Welbehagen
Hanneke Poelmans is columniste. Ze schrijft geregeld over wat haar bezighoudt en verwondert. In aflevering 4: Welbehagen.
Ik heb een daad gesteld. Ik heb mijn jas aangedaan en heb de deur achter me dicht getrokken. Ik ben naar buiten gegaan en ben gaan lopen. Maakt niet uit waarheen. Eindeloze passen, tot waar de stemmen zachter worden, de luchtstroom warmer. Den Bosch. Antwerpen. Zwolle. Het maakt niet uit waar je bent, want je neemt altijd jezelf mee. Ik heb een daad gesteld, want ik ben opgestaan. De eerste stap zetten, daar begint alles altijd mee.
Nu loop ik hier. Het park. De takken kraken onder mijn voeten. De stad kraakt onder mijn voeten. De wereld kraakt onder mijn voeten. Ik wil dat de wereld leeft. Misschien dat ik dan vanzelf mee ga doen.
Alles laat zijn sporen na. De hondenpootjes op het zandpad. Zijn woorden. Of juist zijn zwijgen. De kale struik waar in de nazomer de late bramen hingen, die ik met mijn jongen heb geplukt.
In mijn jaszak voel ik met mijn vingers aan een snoephartje. Het is het laatste dat is blijven zitten. Expres bewaard, voor noodgevallen. Iemand met suikerziekte (jeweetmaarnooit) of mijn zoon die gesust of omgekocht moet worden. Ik klamp me aan het kleine zoete hartje vast alsof het het laatste is wat ik ooit nog vast zal houden.
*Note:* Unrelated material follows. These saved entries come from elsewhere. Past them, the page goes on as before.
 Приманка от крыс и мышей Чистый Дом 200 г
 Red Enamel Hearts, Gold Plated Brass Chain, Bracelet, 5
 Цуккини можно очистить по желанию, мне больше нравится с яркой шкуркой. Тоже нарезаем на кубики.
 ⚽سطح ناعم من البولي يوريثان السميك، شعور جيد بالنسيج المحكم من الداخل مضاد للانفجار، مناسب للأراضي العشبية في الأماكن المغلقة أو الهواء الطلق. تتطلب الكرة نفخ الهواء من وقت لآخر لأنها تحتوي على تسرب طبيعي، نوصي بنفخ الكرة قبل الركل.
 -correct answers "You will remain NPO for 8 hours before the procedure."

Hoe langer ik het vasthoud, hoe verder het af zal brokkelen, tot er niets meer van over is. Verpulverde suikerkruimels, een gebroken hart.
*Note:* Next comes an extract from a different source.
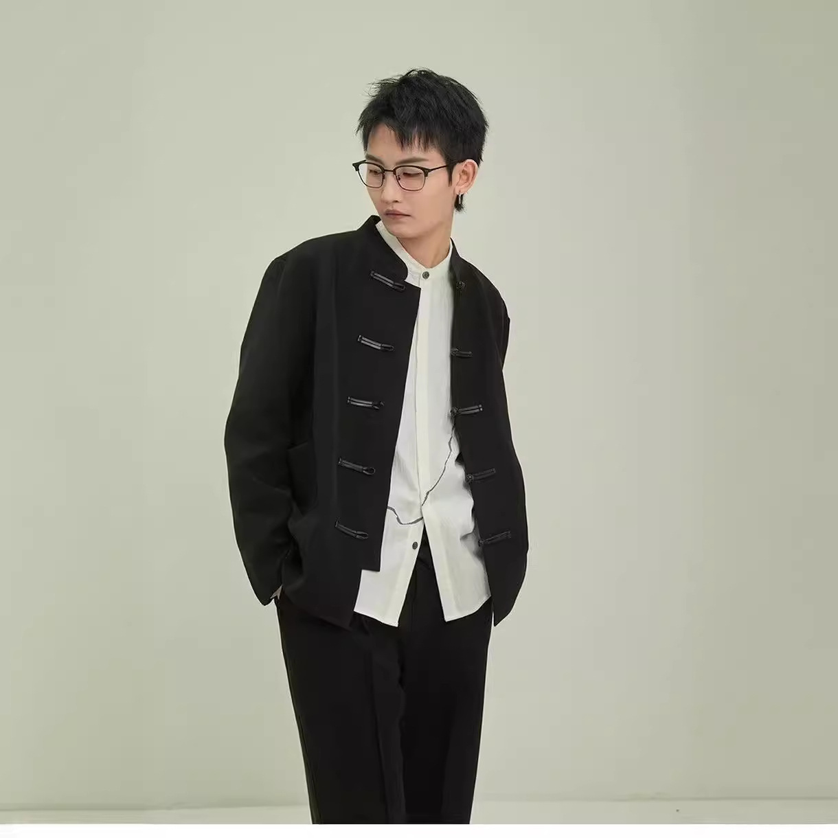 カジュアルなレトロな薄いタイプの新しい中国式の立襟のコートの男性と春秋の新型の高級感の黒色の中山のスーツの上着の潮

Ik loop, ik loop, ik loop. Om te vergeten, na te denken, niet te horen, niet te voelen, maar alles komt toch. Vanzelf. Hoe hard of ver je ook loopt, je neemt altijd jezelf mee.
Ik wilde altijd een vrouw zijn met een grote sjaal. En de vanzelfsprekendheid die daarbij hoort. Een hoogopgestoken knot, een lange jas en dan die sjaal, waar alle warmte die je jezelf kunt geven in past. Een oprechte glimlach bij het passeren van een vreemde. Vanzelfsprekend welbehagen.
Alles komt zo ongefilterd binnen, dat het niet eens meer binnen komt. Wuivend riet, knisperend afzetlit, kindergegil, het licht, het zwarte water.
Niemand heeft me ooit geleerd dat je niet moet drinken tot je geen dorst meer hebt.
Ik heb een daad gesteld, vandaag. En gisteren ook, en morgen. Ik ben gaan lopen, lopen, lopen.
Ik heb extra warme sokken aangedaan.